Planning Board member James Shequine followed-up, giving the definitive answer to the map display issue by saying that the Planning Board room was also the Town's court house, and it was up to the judge, who happens to be his wife, if the maps could be displayed or not.
Feeling there was no need for further discussion, Chairman Beaumont closed the meeting.
To date, the maps are not publicly displayed in the Town Hall.
The Hudsonia Study is meant to be tool for proper planning
Hudsonia's scope is broad, as stated in their introduction to SIGNIFICANT HABITATS IN THE TOWN OF WASHINGTON,
"Rural landscapes in the Hudson Valley are undergoing rapid change as farms and forest are converted to residential and commercial development. The consequences of rapid land development include widespread habitat degradation, habitat fragmentation, and the loss of native biodiversity. Although many land use decisions in the region are necessarily made on a site-by-site basis, the long-term viability of biological communities, habitats, and ecosystems requires consideration of whole landscapes. Local land use planning and decision making can be improved if general biodiversity information is available for large areas, such as whole towns, watersheds, or counties."
Regarding accuracy, the Hudsonia maps are produced much in the same way and rely on much of the same data sets as many of the maps that the Town of Washington will use for its wetland ordinance, and are of comparable reliability. In addition Hudsonia extensively field checks its maps and will do periodic updates if requested.
1. SIGNIFICANT HABITATS IN THE TOWN OF WASHINGTON
"Hudsonia Ltd. conducted habitat identification and mapping in the Town of Washington between February 2003 and March 2004. We received funding for this project from the Millbrook Tribute Garden and the Dyson Foundation, and support from the Dutchess Land Conservancy, the Washington Town Board, Planning Board, and Conservation Advisory Council, and Town of Washington
Through map analysis, aerial photograph interpretation, and field observations, we created a large-scale map showing the location and configuration of ecologically significant habitats throughout the town. Some of these habitats are rare or declining in the region, while others
are high quality examples of common habitats and habitat complexes.
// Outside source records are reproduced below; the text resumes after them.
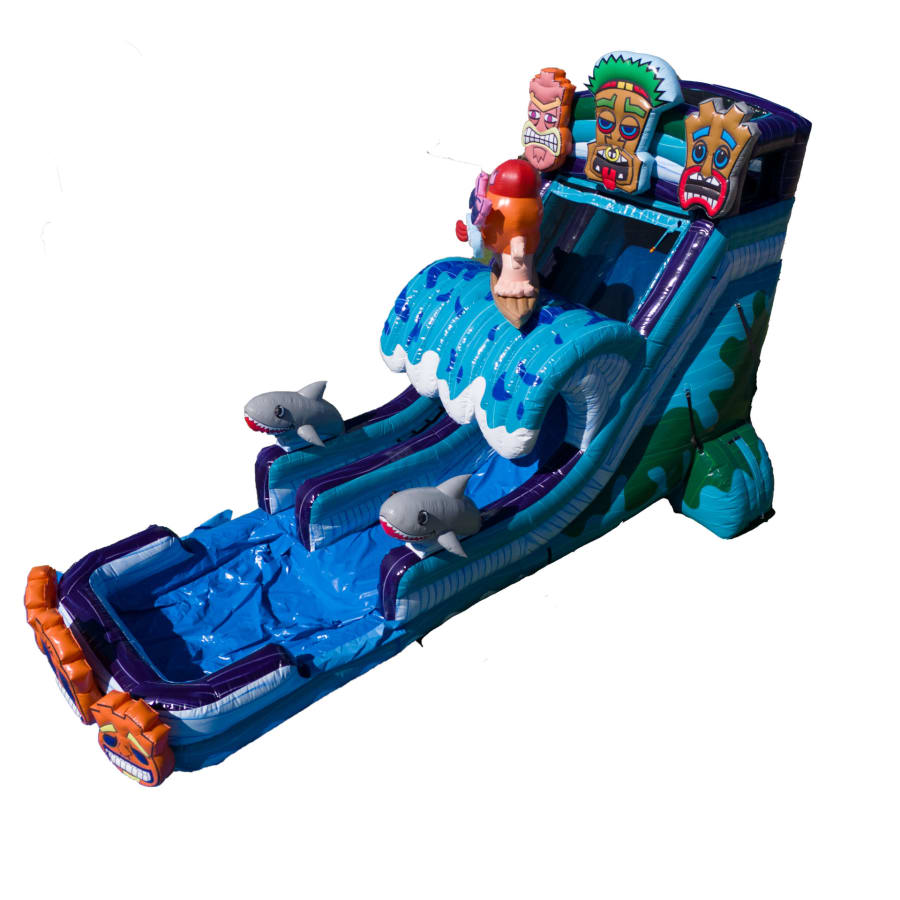Our single lane slide is versatile and ideal for a variety of events, including backyard parties, county parks, and city parks. Enjoy the thrill without compromising on safety. Tiki Tovi's ensures a top-quality experience every time.
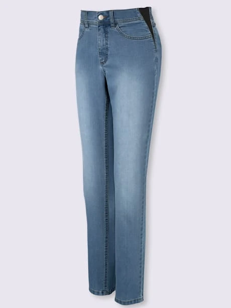 Jean coupe 4 poches très confortable grâce à l’empiècement en V élastique noir au niveau des hanches. Ceinture à passants, glissière et bouton devant. Empiècement au dos. 2 poches devant et au dos. Largeur pieds env. 36 cm.
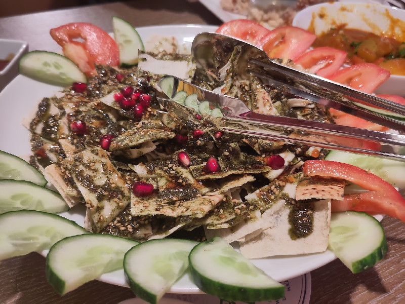 Weil der Fatayir-Teig (eine Art syrische Pizza) nicht vegan ist, ließ sich der Inhaber und Koch für uns etwas Besonderes einfallen und kreierte einen Salat aus Fladenbrot, sodass auch wir das Za'atar, eine Würzmischung mit syrischem Thymian, kosten konnten.
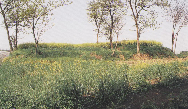 万家坟,战国时代,位于鸿山遗址中部偏西,在杜家坟西侧,长方形覆斗状土墩,东西向,长42.6米、宽35.9米,高出周围平地3.8米。
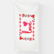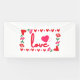 This banner showcases the word “Love” in a unique print font with red letters pink outline inside of a rectangular styled design with red and pink themed hearts, roses and strawberry style heart on two corners in this Valentines Day theme. This banner has single side printing outdoor safe measures 4"x8" made with an elegant matte finish and is both fade and tear resistant for Indoors or outdoor use great for advertise anything, from birthdays to graduation, weddings to anniversaries. Hemmed and thermally welded edges for neat finish outdoor banners can be bought with metal grommets.
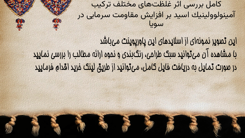 پاورپوینت کامل بررسی اثر غلظتهای مختلف ترکیب آمینولوولینیک اسید بر افزایش مقاومت سرمایی در سویا
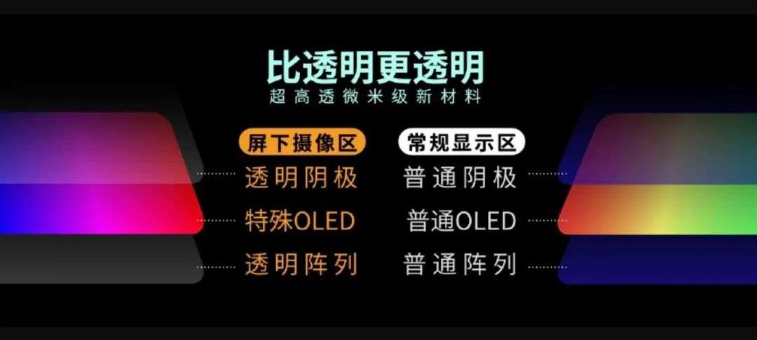 vivo是选择了一种在屏下摄像区使用PMOLED屏幕,其他区域使用正常屏幕材质,PMOLED材料由于结构更薄,透光率也会相对高一些。魅族则是直接将石墨烯材料用在了屏下摄像区,然而显示效果就无法得到保证了。
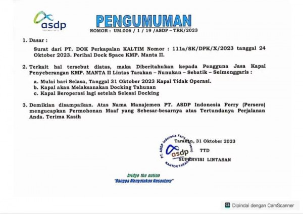 KMP MANTA II Lintas Tarakan - Nunukan - Sebatik - SeimenggarisMelaksanakan Docking Tahunan dan akan beroperasi lagi setelah selesai Docking.
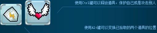 使用Ctrl鍵可以釋放道具,保護(hù)自己或是攻擊別人。使用Alt鍵可以變換已拾取的兩個(gè)道具的位置。
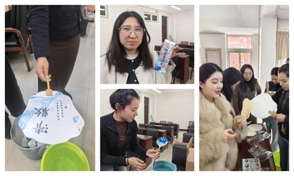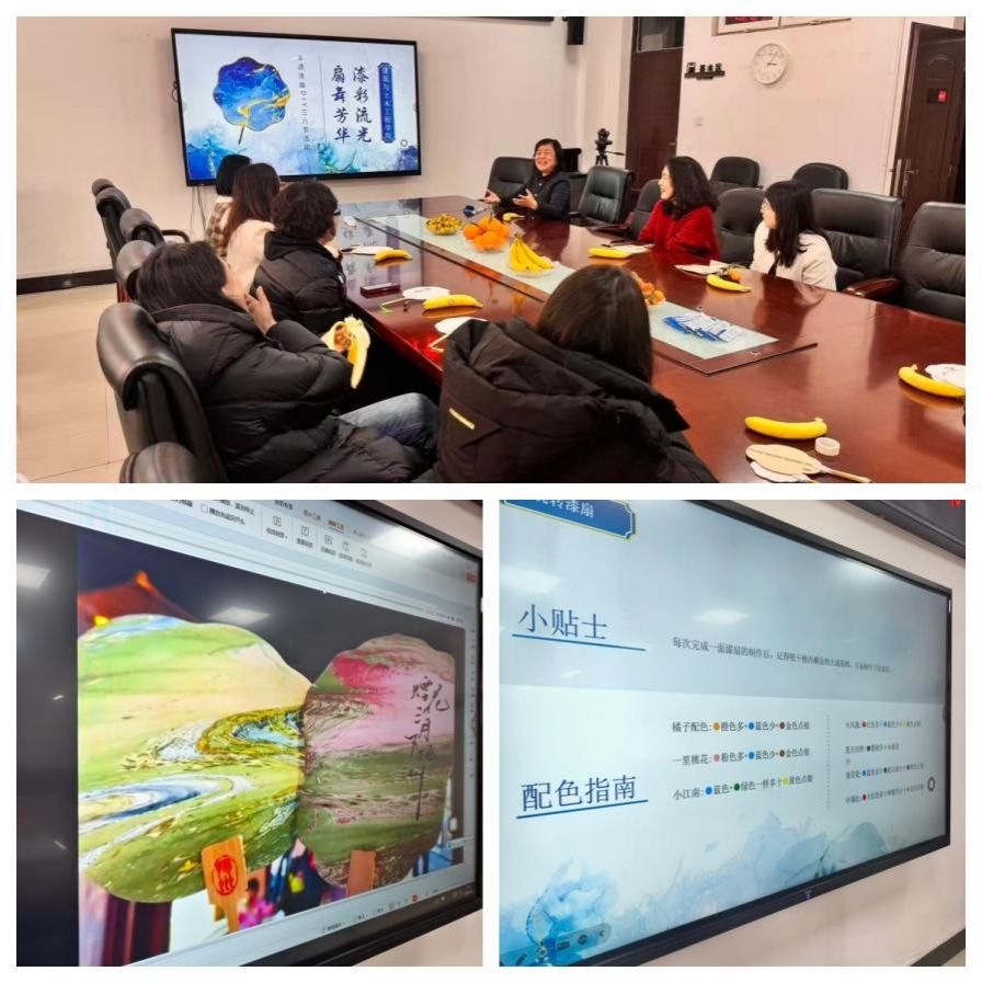 随后,活动开始。首先为大家详细介绍了漆扇的历史渊源、艺术特色及制作流程。从选扇、调漆、上色、点缀、晾干等步骤进行了细致讲解和演示,激发了老师们的浓厚兴趣与创作灵感。
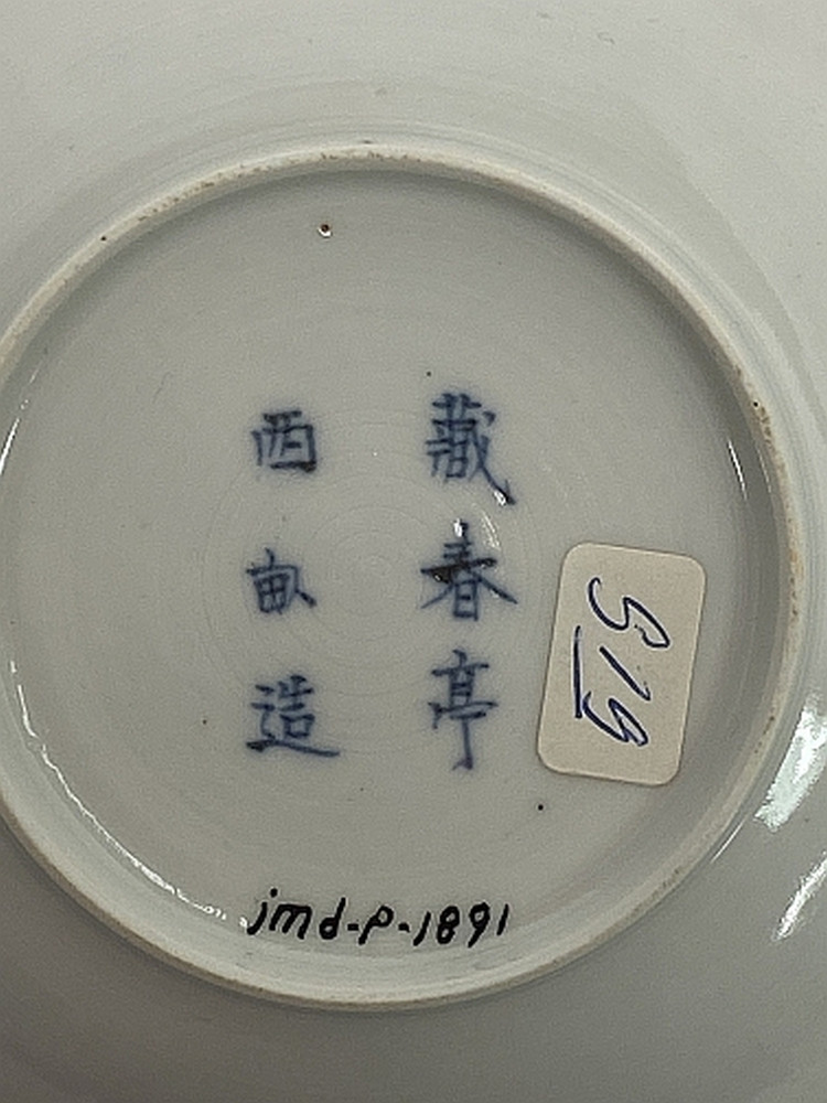 Wit eierschaal schoteltje met op het plat, in blauw, 1 krijger, een zittende vrouw en twee vlakken met tekst. Edo periode
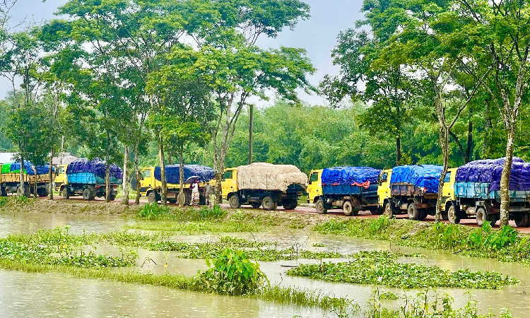ভারী বর্ষণ ও উজানের পাহাড়ি ঢলে তিস্তা ও ধরলা নদীর পানি বৃদ্ধি পেয়েছে। ফলে তিস্তা ও ধরলা নদীর তীরবর্তী লালমনিরহাট, নীলফামারী ও কুড়িগ্রাম জেলায় হাজার হাজার পরিবার পানি বন্দি হয়ে পড়েছে। দেখা দিয়েছে বিশুদ্ধ পানি ও খাবার সংকট। তিস্তা পানি বৃদ্ধিতে লালমনিরহাটের পাটগ্রামের দহগ্রাম, হাতীবান্ধার গড্ডিমারী, দোয়ানী, সানিয়াজান ইউনিয়নের নিজ শেখ সুন্দর, সিঙ্গামারি ইউনিয়নের ধুবনী, সিন্দুর্না, পাটিকাপাড়া, ডাউয়াবাড়ী, কালীগঞ্জ উপজেলার ভোটমারী, শৈইলমারী, নোহালী, চর বৈরাতি, আদিতমারী উপজেলার মহিষখোচা, পলাশী ও সদর উপজেলার খুনিয়াগাছ, কালমাটি রাজপুর, গোকুন্ডা ইউনিয়নের তিস্তা নদীর তীরবর্তী নিম্নাঞ্চলে পানি প্রবেশ করছে।

In total, we identified 24 different kinds of habitats in the Town of Washington that we consider to be of potential ecological importance. These included widespread, common habitats, such as upland forest, upland meadow, marsh, and hardwood swamp, as well as more unusual habitats such as fens, kettle shrub pools, and a circumneutral bog lake. In this report, we describe some of the ecological attributes of each habitat, and discuss some conservation measures that can help to protect the habitats and the species of conservation concern they may support."
"Hudsonia's training programs, and the "Biodiversity Assessment Manual," were designed especially for members of municipal agencies, such as Conservation Advisory Councils and Planning Boards, staff of land trusts, and other individuals regularly engaged in deliberations and decisions that bear directly on protection or destruction of biodiversity resources in the region."